Principles of Effective Research: Part VII
Developing research strengths
The foundation is a plan for the development of research strengths. What are you interested in? Given your interests, what are you going to try to learn? The plan needs to be driven by your research goals, but should balance short-term and long-term considerations. Some time should be spent on things that appear very likely to lead to short-term research payoff. Equally well, some time needs to be allocated to the development of strengths that may not have much immediate pay-off, but over the longer-term will have a considerable payoff.

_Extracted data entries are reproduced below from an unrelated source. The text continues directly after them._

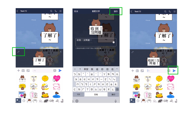 如果想要更改文字的話,直接在聊天視窗內選擇想傳送的特定一張貼圖,再按左邊的鉛筆 icon 直接編輯貼圖上的文字,改好後按下右上角的儲存鍵,直接送出完成!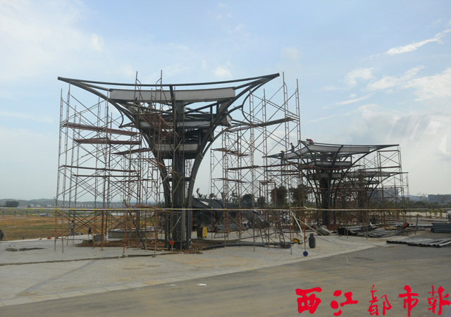 ??? “五一”小長假期間,蒼海湖西岸的工地上,施工人員正在搭建花架,這是園博園工程項目之一。施工完畢后,這些不銹鋼傘狀的花架將成為蒼海湖騎樓廣場上的標志景觀。西江都市報記者 蒙紹松/攝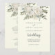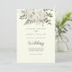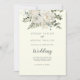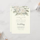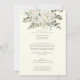 Den här vintern blommigten på inbjudan till elfenben fram och bak-bröllop är perfekt för ett elegant bröllop. Den moderna designen har vita blommor med vintern grön och eukalyptus löv, med en enkel land-känsla.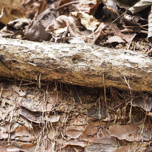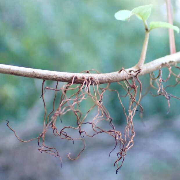 気根(きこん)という根を他の木にくっつけて登ります。 つるを太くして力強くからみ付き、 高い木でもてっぺんまで登ります。

In targeting areas of development, an important goal to keep in mind is that you want to develop unique combinations of abilities. You need to develop unique combinations of talents which give you a comparative advantage over other people. Do what you can do better than anybody; to mangle a quote from Lincoln, nobody can be better than everybody all of the time, but anybody can be better than everybody some of the time.

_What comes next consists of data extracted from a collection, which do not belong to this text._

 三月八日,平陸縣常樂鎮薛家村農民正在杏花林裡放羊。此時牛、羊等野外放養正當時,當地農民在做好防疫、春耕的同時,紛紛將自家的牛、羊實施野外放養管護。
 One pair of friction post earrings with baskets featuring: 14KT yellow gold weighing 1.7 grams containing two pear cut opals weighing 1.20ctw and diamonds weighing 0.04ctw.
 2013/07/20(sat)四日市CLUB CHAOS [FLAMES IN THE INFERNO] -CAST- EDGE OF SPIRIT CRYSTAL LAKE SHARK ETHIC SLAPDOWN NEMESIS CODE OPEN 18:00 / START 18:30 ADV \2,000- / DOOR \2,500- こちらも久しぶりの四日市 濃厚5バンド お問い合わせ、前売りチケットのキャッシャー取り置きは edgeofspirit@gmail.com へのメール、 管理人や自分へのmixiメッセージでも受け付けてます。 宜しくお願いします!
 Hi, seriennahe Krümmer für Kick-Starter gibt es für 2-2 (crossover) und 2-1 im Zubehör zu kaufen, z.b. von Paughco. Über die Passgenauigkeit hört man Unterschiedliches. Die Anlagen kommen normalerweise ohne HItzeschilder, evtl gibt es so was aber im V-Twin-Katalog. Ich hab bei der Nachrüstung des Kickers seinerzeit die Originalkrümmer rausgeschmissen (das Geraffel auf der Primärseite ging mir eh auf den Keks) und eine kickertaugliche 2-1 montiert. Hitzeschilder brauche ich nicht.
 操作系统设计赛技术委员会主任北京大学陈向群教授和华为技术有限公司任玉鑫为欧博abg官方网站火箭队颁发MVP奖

In my opinion the reason most people fail to do great research is that they are not willing to pay the price in self-development. Say some new field opens up that combines field X and field Y. Researchers from each of these fields flock to the new field. My experience is that virtually none of the researchers in either field will systematically learn the other field in any sort of depth. The few who do put in this effort often achieve spectacular results.
Finally, a note on how to go about developing some new research strength. A mistake I’m prone to make, and I know some others are as well, is to feel as though some degree of completeness is required in understanding a research field. In fact, in any given research field there are usually only a tiny number of papers that are really worth reading. You are almost certainly better off reading deeply in the ten most important papers of a research field than you are skimming the top five hundred.
These ideas carry over to the problem of staying current in your fields of interest: I believe that you can stay quite current by (a) quickly skimming a great deal of work, to keep track of what is known, and what sort of problems people are thinking about, and (b) based on that skimming, picking a dozen or so papers each year to read deeply, in the belief that they contain the most important research results of the year. This is not the only deep reading you’ll need to do; you’ll also need to do some which is related to the immediate problems that you’re working on. But you certainly should do some such deep reading.